Art Gallery of Mississauga
AGM Exhibitions July 18 - Sept 7:
011+91 | 011+92
Telephone calling codes of India and Pakistan initiate a critical discourse on Locational Identity.
Artists
Khadija Baker, Avantika Bawa, Sunil Gupta, Dipna Horra, Eshan Rafi, Meera Sethi, Sumaira Tazeen, Joshua Vettivelu
011+91 | 011+92 is a curatorial research project that aims to initiate a critical discourse and presentation on locational identity as explored and presented by first and second generation Canadians who hail from South Asia. What part does a geographical divide play in notions of home, place and being? The dial codes from Canada to India and Pakistan open the dialogue.
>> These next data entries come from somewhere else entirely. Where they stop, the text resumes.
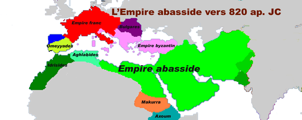 Map of the abassid kalifat, c. AD 820
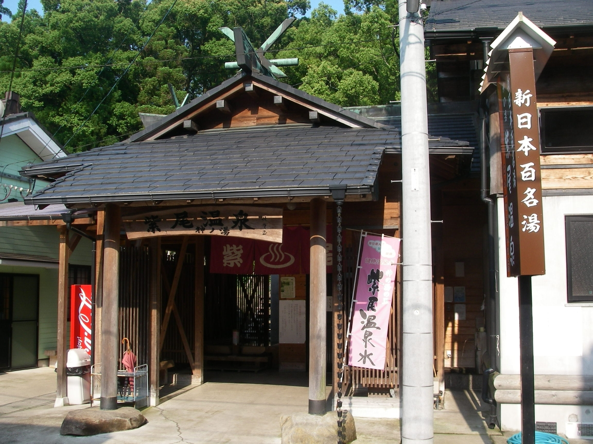 Kami no yu, Satsuma-gun, Kagoshima prefecture
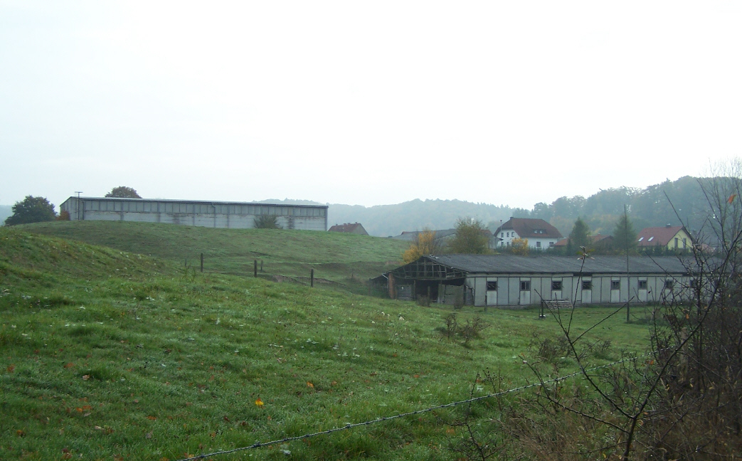 The agricultural enterprise Krayenburg in Frauensee.
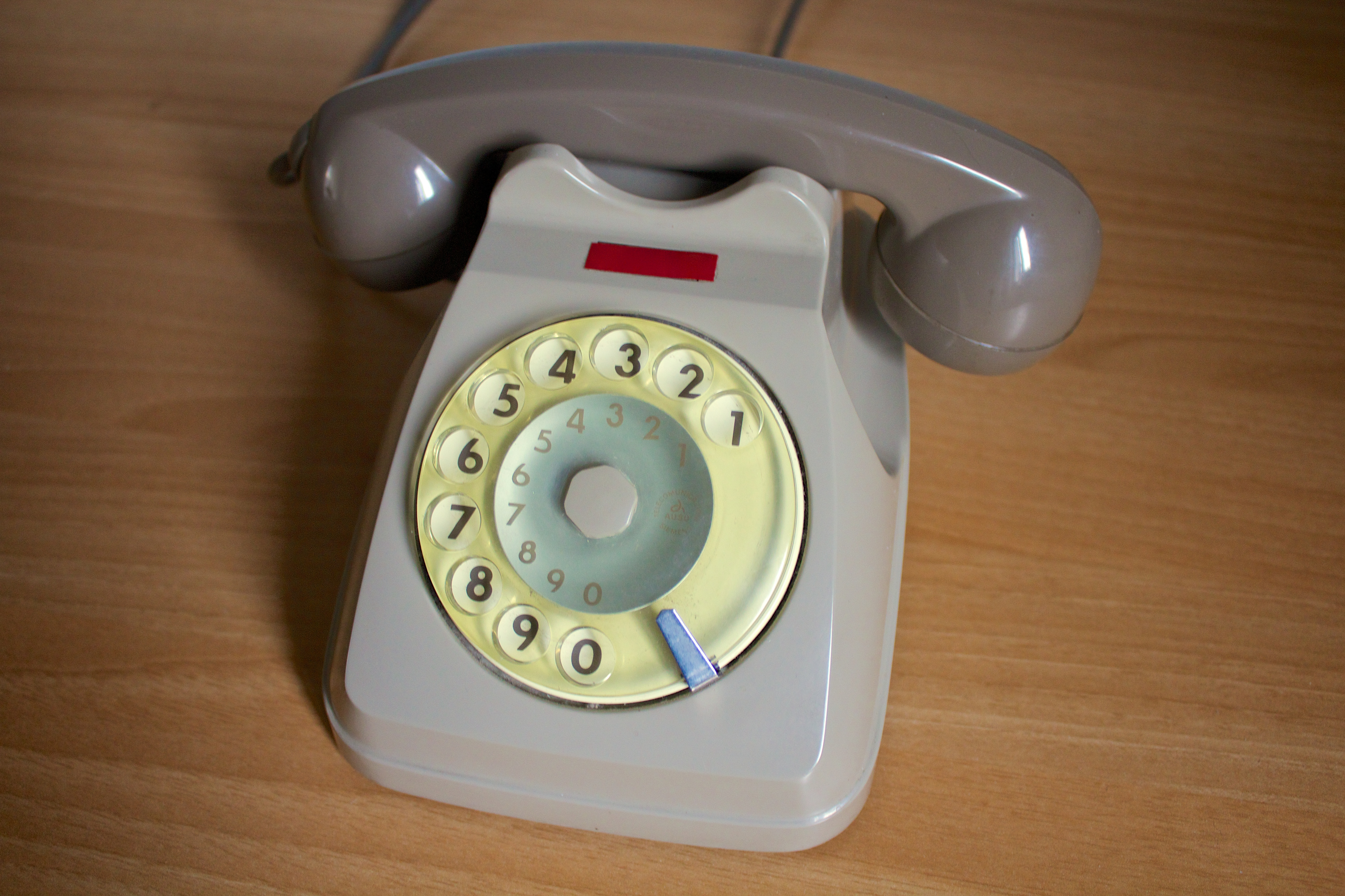 Telephone Siemens S62

Mississauga represents the diaspora of many cultures, an estimated 62 % of citizens speak Hindi, Urdu, or Punjabi as a first language. The artists in this exhibition respond to the act of communicating to, from or about home, framing contemporary artists at the forefront of a social conversation where identity may or not be central to the work, whereas life experience and humanistic values are at the forefront of this complex cipher. In an age of when we are everywhere at once, how can being and displacement create a homing instinct? In the Canada of tomorrow, home to an ever-increasing global diaspora and to heterogeneous, urban immigrant communities, the hierarchical, colonial past is erased with emergent identities giving a new face to our nation. If the interface between ethnicity and the arts in Canada in the future is unpredictable, one reality seems certain: a growing number and variety of artistic expressions of multiple and cross-cultural ethnicities comprise a strong future where home and connection to the new is a strong construct of self.
P Mansaram Past | Present
P. Mansaram | Past Present is the first retrospective exhibition of the acclaimed Canadian artist, Panchal Mansaram, and includes examples from all facets of his career. Tracing Mansaram's considerable artistic output, the exhibition features more than 20 preparatory drawings, sketches, collage studies and panels relating to his early work from the 1970 through 2013.
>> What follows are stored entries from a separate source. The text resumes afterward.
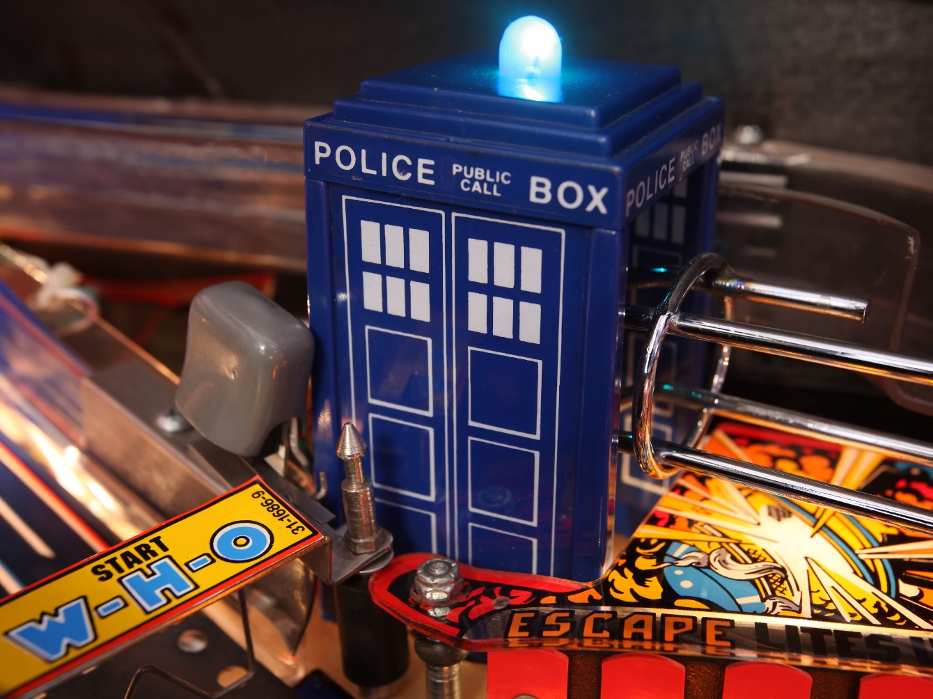 Tardis that is located in the playfield of the Doctor Who pinball
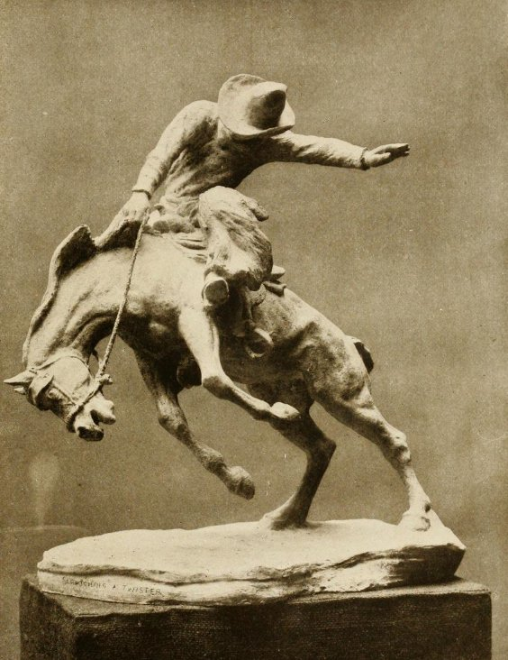 Sculpture by Jo Mora shown in 1915 at the Panama–Pacific International Exposition in San Francisco. Photograph from a book about the art published in 1916.
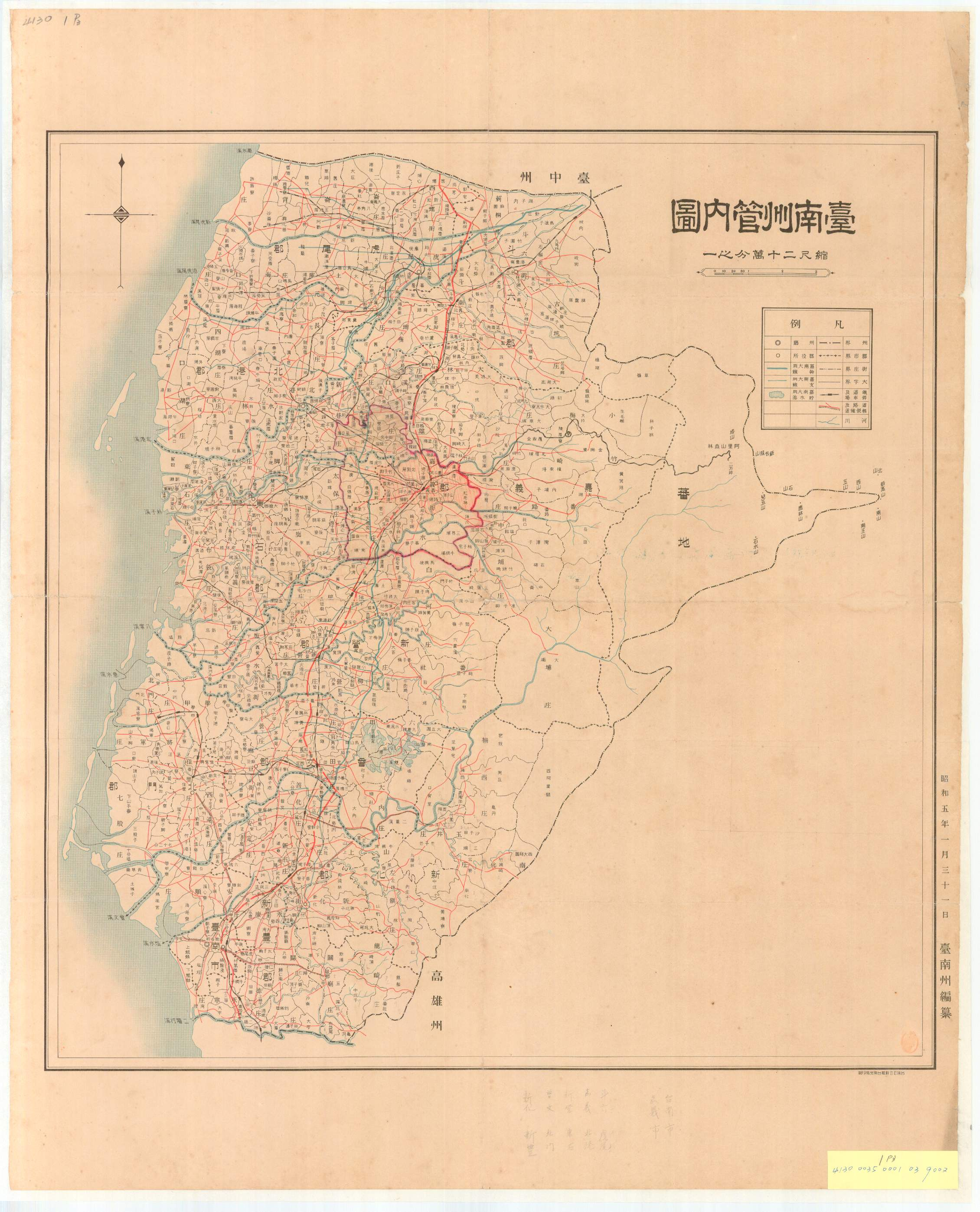 The urban plan of Tainan-shu(prefecture)

Mansaram was born in Mount Abu, in Rajasthan India. Beginning with his time as a student between 1954 and 1959 he studied at the Sir J.J. School of Art in Mumbai; and from 1963-64, he attended the State Academy of Fine Arts, Amsterdam, Netherlands on a Dutch Government Fellowship. In the late 1970s, when Mansaram first came into contact with the artworld of Toronto, where he met Marshall McLuhan the two formed a life-long friendship build upon ideas, art and dialogue. The exhibition will include a selection of his contributions to Mansaram. Several early pieces, among the first of his exhibited works, offer a glimpse into his struggle to channel cultural commentary into layered, subversive cultural observations of Canadian life. Drawing on his interest in the image, palimpsest and colour, the exhibition presents a range of artistic styles and strategies, he developed dynamic new ideas within the field of digital, painting and collage.
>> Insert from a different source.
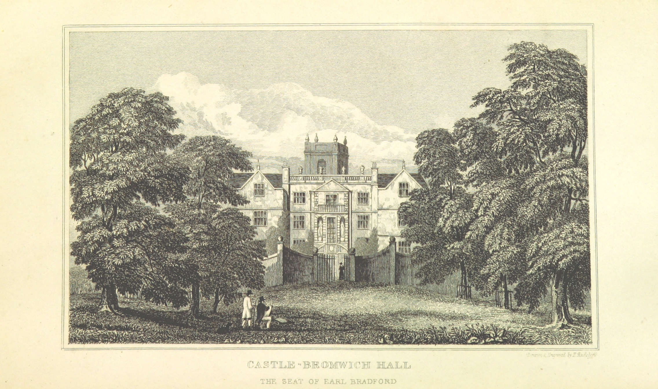 Image extracted from page 619 of An history of Birmingham ... With a new introduction by Christopher R. Erington', by William Hutton. Original held and digitised by the British Library. Copied [ Note: The colours, contrast and appearance of these illustrations are unlikely to be true to life. They are derived from scanned images that have been enhanced for machine interpretation and have been altered from their originals.
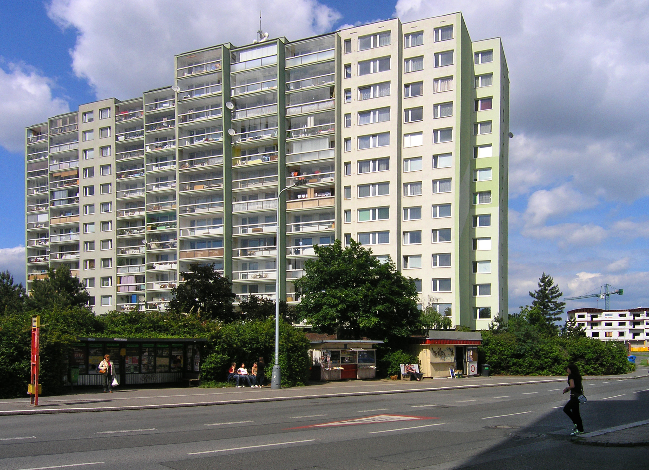 Kukelská street in Hloubětín, Prague

A significant portion of the exhibition is devoted to image collages the work that in its myriad forms has consumed the artist throughout his career. Published between 1978 and 2011, this body of work highlights the commitment and vision of a senior artist. The exhibition includes research material, preliminary sketches, photographs and storyboards related to the evolution of Mansaram with images, pages and publications that reveal the artist' legacy. Spiegelman's narrative and formal innovations with collage work have proven to be influential to an entire generation of artists.
P. Mansaram's work is held in the public trust in numerous collections, including the Royal Ontario Museum, Air India, Marshall McLuhan estate, Art Gallery of Hamilton, Art Gallery of Mississauga, Government of Ontario Art Collection, National Gallery of Canada, and Modern Art New Delhi.